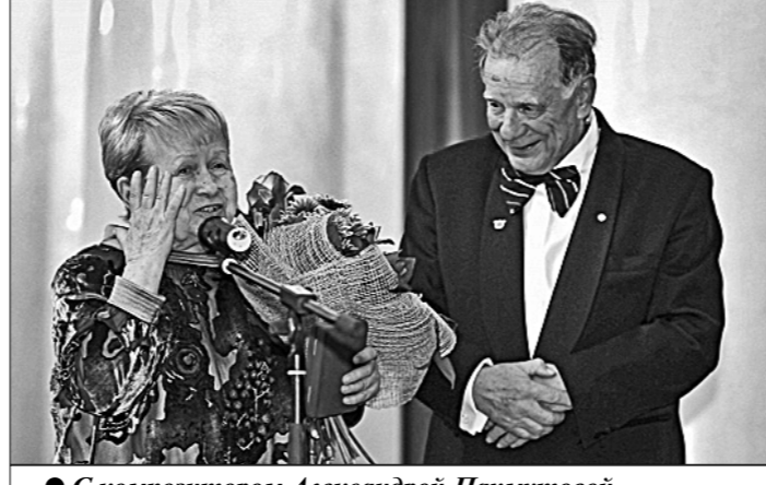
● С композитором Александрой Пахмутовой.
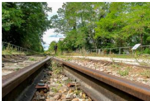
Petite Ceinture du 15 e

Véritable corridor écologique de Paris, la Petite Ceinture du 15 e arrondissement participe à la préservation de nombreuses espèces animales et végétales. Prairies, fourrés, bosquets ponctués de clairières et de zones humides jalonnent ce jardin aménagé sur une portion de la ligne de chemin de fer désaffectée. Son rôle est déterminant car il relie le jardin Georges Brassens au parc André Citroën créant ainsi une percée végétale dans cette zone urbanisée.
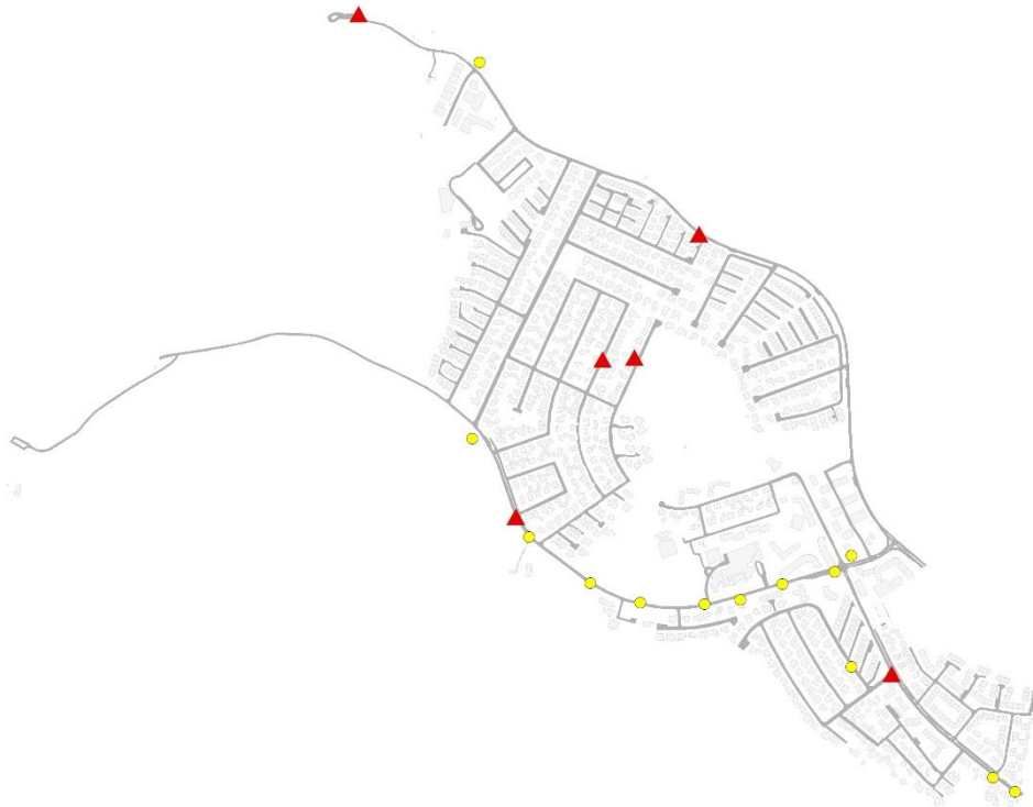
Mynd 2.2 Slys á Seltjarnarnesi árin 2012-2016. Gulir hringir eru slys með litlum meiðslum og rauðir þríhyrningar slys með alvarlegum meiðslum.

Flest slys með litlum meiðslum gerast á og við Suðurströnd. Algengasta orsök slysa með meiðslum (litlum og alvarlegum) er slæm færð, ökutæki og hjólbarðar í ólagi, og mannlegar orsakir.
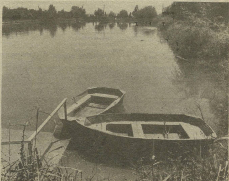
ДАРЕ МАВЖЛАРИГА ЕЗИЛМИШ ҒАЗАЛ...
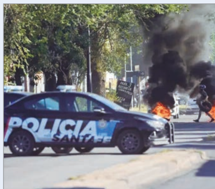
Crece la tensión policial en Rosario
+---+
# WHAT THIS TASK INVOLVES
Please copy each line of the records above in which the word "Ceinture" can be found.

# EXERCISE SOLUTION
Petite Ceinture du 15 e
Véritable corridor écologique de Paris, la Petite Ceinture du 15 e arrondissement participe à la préservation de nombreuses espèces animales et végétales. Prairies, fourrés, bosquets ponctués de clairières et de zones humides jalonnent ce jardin aménagé sur une portion de la ligne de chemin de fer désaffectée. Son rôle est déterminant car il relie le jardin Georges Brassens au parc André Citroën créant ainsi une percée végétale dans cette zone urbanisée.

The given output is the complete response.